Le tic-tac des visites à domicile

Le financement des soins se réinvente sans cesse pour tenter de limiter un maximum les coûts de la santé. L’Aide et soins à domicile va de l’avant pour proposer elle aussi des solutions pour optimiser son fonctionnement. Le minutage des visites à domicile en fait partie.
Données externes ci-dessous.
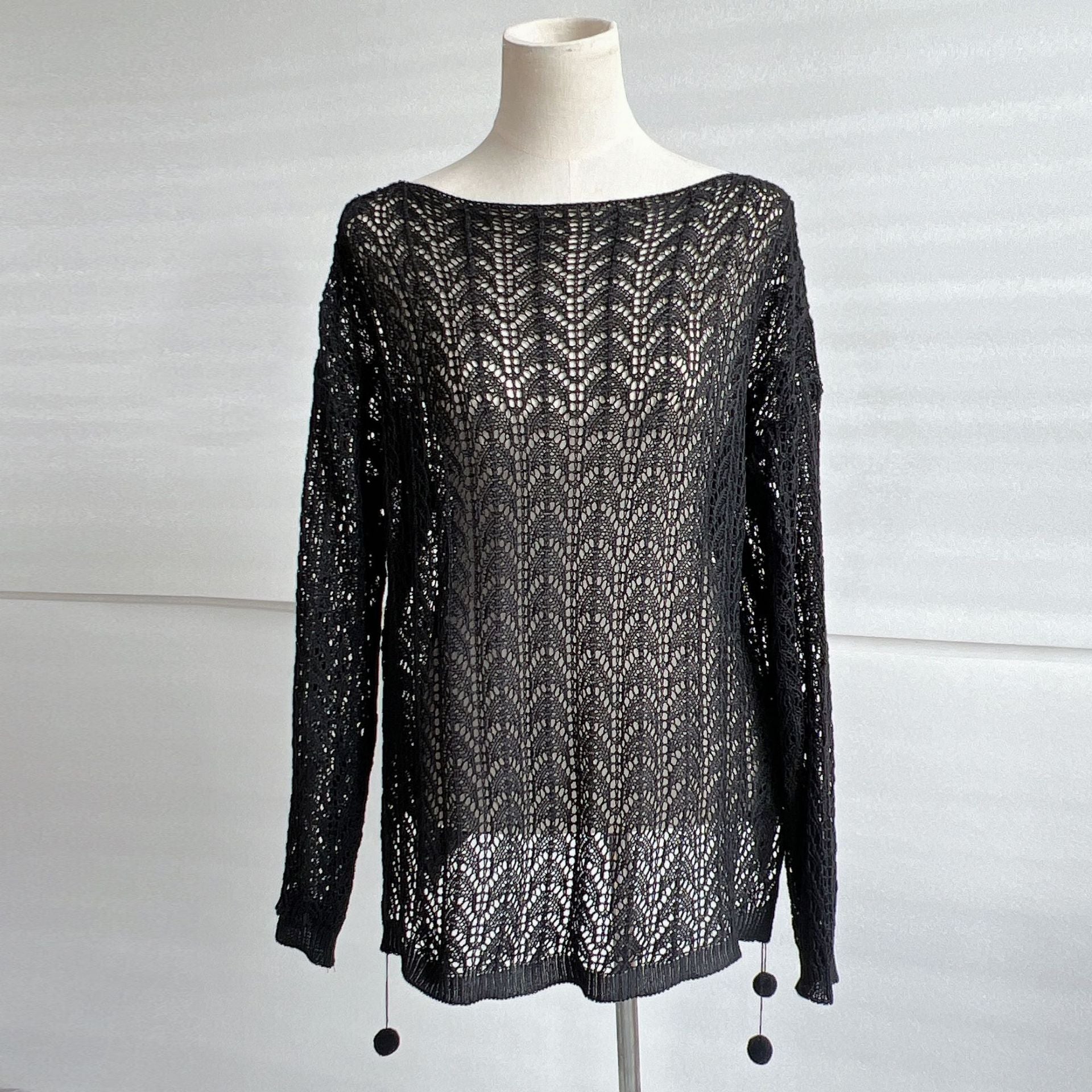 Hop on the crochet trend in the Temecula Sheer Crochet Dress in black with a wide neckline and an open back necktie.

Arrivée au pas de la porte, Magali Gaugey sonne et pianote sur sa tablette numérique avec agilité. Le temps de trajet est terminé et débute maintenant le temps de prise en soins. Et cela, la tablette a besoin de le savoir. L’opération se passe en quelques secondes. Tout est fini avant même que la cliente ouvre la porte. L’infirmière du Réseau Santé de la Sarine de l’antenne de Granges-Paccot à Fribourg s’annonce avec un large sourire et une chaleureuse poignée de main. Alors que la consultation commence, l’outil tactile trouve sa place sur la table de la cuisine et minute le temps de la visite qui se partage cette fois-ci entre soins de base et temps de conseil: deux prestations différentes à deux tarifs différents.

Les minutes passent sous le regard attentif du chronomètre que la cliente et l’infirmière semblent presque oublier entre le plateau de fruits et quelques boîtes de médicaments vides. Au moment de prendre congé de sa cliente, Magali Gaugey récupère son outil de travail et, une fois le seuil franchi, ses doigts s’agitent à nouveau: elle corrige le temps de conseil finalement plus long que prévu et clôture la visite. La machine continue pourtant son minutage. Le temps de trajet court désormais jusqu’au prochain client. La tournée ne fait que commencer!
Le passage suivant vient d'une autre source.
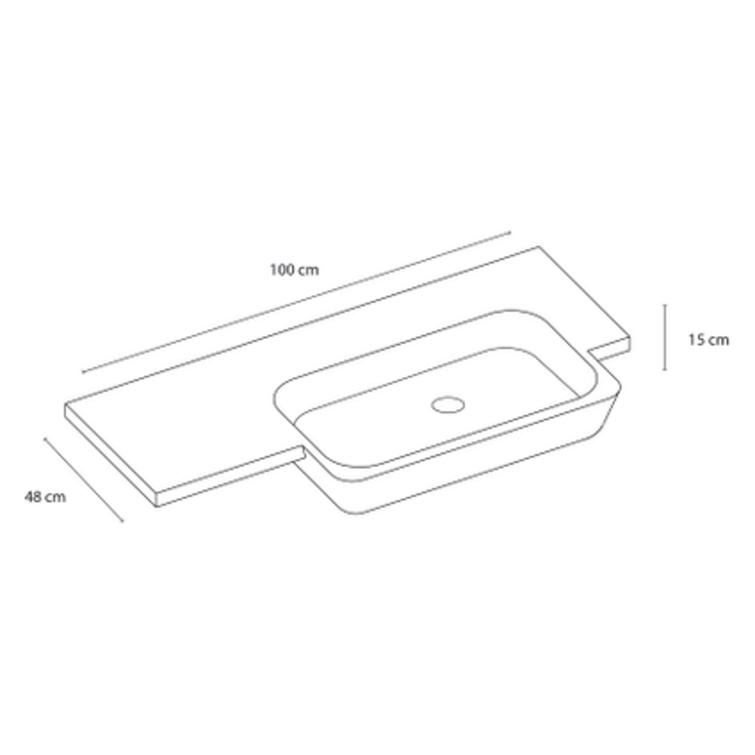 Deze wastafel van Differnz Fabulous onderscheidt zich met zijn bijzondere design. Opvallend, maar toch tijdloos en gemakkelijk te combineren met allerlei stijlen. De wastafel is 100 cm breed, 20 cm hoog en 48 cm diep. Hij heeft 1 kraangat en een overloop. Exclusief afvoer en sifon. De wastafel is van polybeton.

«La tablette fait partie du paysage»
Stressant, ce minutage qui calcule chaque activité d’une journée de travail? «Aujourd’hui, les clients sont habitués à nous voir arriver avec une tablette qui chronomètre nos visites. Elle fait partie du paysage. Les temps prévus pour les soins correspondent à une ou deux minutes près. Ce n’est donc pas un facteur de stress», répond l’infirmière au volant de sa voiture dans les rues de la capitale fribourgeoise. «Et si le client a besoin exceptionnellement de plus de temps à cause d’une prestation imprévue, il est toujours possible de l’ajouter dans le système sur le moment.»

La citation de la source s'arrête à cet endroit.